Well I'll just leave this here: I'm trying to implement in DiffEq the update rule for a spiking neural network. For now I've implemented with plain Julia and works decently, but I'd like to speed it up a little:
The function simulate
just initialize the variables and then runs step! for 10000 times.
The function step!
takes as input:
V: a matrix(neurons x time), where values are potentials of individual neurons at a certain time
sd: a vector(neurons), where values represent how long ago a given neuron spiked
w: a matrix(neurons x neurons) of weights (connectivity matrix)
np, ep are parameters
tottime is the total time of simulation
function simulate(tottime, np, sp, ep)
w = genweights(np, sp)
V = zeros(np.N, tottime)
sd = zeros(np.N) .+ 0.2
V[:, 1:4] .= np.Vᵣ
V[126:132,1:4] .= 0.
for t in 3:tottime-1
step!(V, sd, t, w, np, ep, tottime)
end
V[:, 1:tottime], sd
end
function step!(V, sd, t, w, np, ep, tottime)
V[:, t+1] = dv(view(V, :, t), sd, w, np, ep) # This is the update
V[view(V,:, t) .> np.Vₜ, t+1] .= 0.0 # This makes the neurons over the threshold spike
V[view(V,:, t) .== 0.0, t+1] .= np.Vᵣ # This reset the neurons that spiked to a low potential
sd .+= ep.dt # Here we adjust the spike delays for the next timestep
sd[view(V,:, t-2) .== 0.0] .= 3*ep.dt # This sets the spike delays to 3 timesteps for the neurons who spiked 2 timesteps ago, emulating transmission delays or something
end
end
function dv(v, sd, w, np, ep)
k = sd .* exp.(-sd ./ np.τₛ) # This is just to save computations
v.+ ((Eₗₜ .- v ./ np.τₘ ).- (v.-np.Eₑ) .*( w[2] * k) .- (v.-np.Eᵢ) .*( w[1] * k)) .* ep.dt # This is the differential equation, evaluated with Euler
end
The function step!
runs 10000 times, simulating 10 seconds of activity, and it takes ~350ms
I'd like to implement this in DiffEq, but I don't understand how to write a function in the way DiffEq wants it and having it computing the spikes.
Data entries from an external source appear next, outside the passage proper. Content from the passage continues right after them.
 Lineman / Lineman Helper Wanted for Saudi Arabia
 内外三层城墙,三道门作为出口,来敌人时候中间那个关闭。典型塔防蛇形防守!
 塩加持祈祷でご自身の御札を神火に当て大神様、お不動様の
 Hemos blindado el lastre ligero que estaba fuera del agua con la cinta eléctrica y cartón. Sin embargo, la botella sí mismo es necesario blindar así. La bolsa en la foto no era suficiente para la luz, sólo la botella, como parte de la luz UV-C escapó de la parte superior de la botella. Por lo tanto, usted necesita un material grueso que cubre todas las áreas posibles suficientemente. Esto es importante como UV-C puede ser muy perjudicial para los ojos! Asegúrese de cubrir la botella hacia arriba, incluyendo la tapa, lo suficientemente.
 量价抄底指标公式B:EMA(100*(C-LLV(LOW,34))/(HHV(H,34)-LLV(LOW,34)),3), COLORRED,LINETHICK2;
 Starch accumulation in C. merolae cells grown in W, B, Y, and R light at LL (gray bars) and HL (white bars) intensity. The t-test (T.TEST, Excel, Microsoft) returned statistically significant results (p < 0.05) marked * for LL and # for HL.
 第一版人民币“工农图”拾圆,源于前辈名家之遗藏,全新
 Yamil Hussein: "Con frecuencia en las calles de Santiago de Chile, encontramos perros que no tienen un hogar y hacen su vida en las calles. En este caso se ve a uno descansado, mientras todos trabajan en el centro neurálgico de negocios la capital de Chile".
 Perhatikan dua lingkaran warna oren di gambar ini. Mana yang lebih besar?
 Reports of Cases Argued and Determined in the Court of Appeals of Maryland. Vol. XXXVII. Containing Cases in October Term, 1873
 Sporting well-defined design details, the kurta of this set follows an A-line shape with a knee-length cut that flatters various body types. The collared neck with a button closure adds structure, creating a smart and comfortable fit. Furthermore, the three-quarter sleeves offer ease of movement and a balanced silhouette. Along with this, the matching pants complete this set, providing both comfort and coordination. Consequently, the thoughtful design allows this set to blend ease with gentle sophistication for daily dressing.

Specifically I'm confused by:
solve
do to my matrix: should I multiply by dt, or will solve
do it?I came up with this, I don't know if it makes any sense. I think there is a main problem in updating sd
# This function initializes all the needed arrays
function DEsimulate(tottime, np, sp, ep)
alg = FunctionMap{true}()
w = genweights(np, sp)
v = zeros(np.N) .+ np.Vᵣ
sd = zeros(np.N) .+ 0.2
v[1:5] .= 0.
p = (w, np, ep)
prob = DiscreteProblem(update!, [v, sd], (ep.dt, tottime*ep.dt), p)
sim = solve(prob, alg, dt=ep.dt)
return sim
end
function update!(dv, u, p, t)
w, np, ep = p
v, sd = u
v[v .== 0.0] .= np.Vᵣ
v[v .> np.Vₜ] .= 0.0
k = sd .* exp.(-sd ./ np.τₛ)
dv[1] += ((Eₗₜ .- v ./ np.τₘ ).- (v.-np.Eₑ) .*( w[2] * k) .- (v.-np.Eᵢ) .*( w[1] * k))
dv[2][v .== 0.0] .= 2*ep.dt
dv[2] .+= 1
end
Any kind of hint, also on style or everything else is very well appreciated!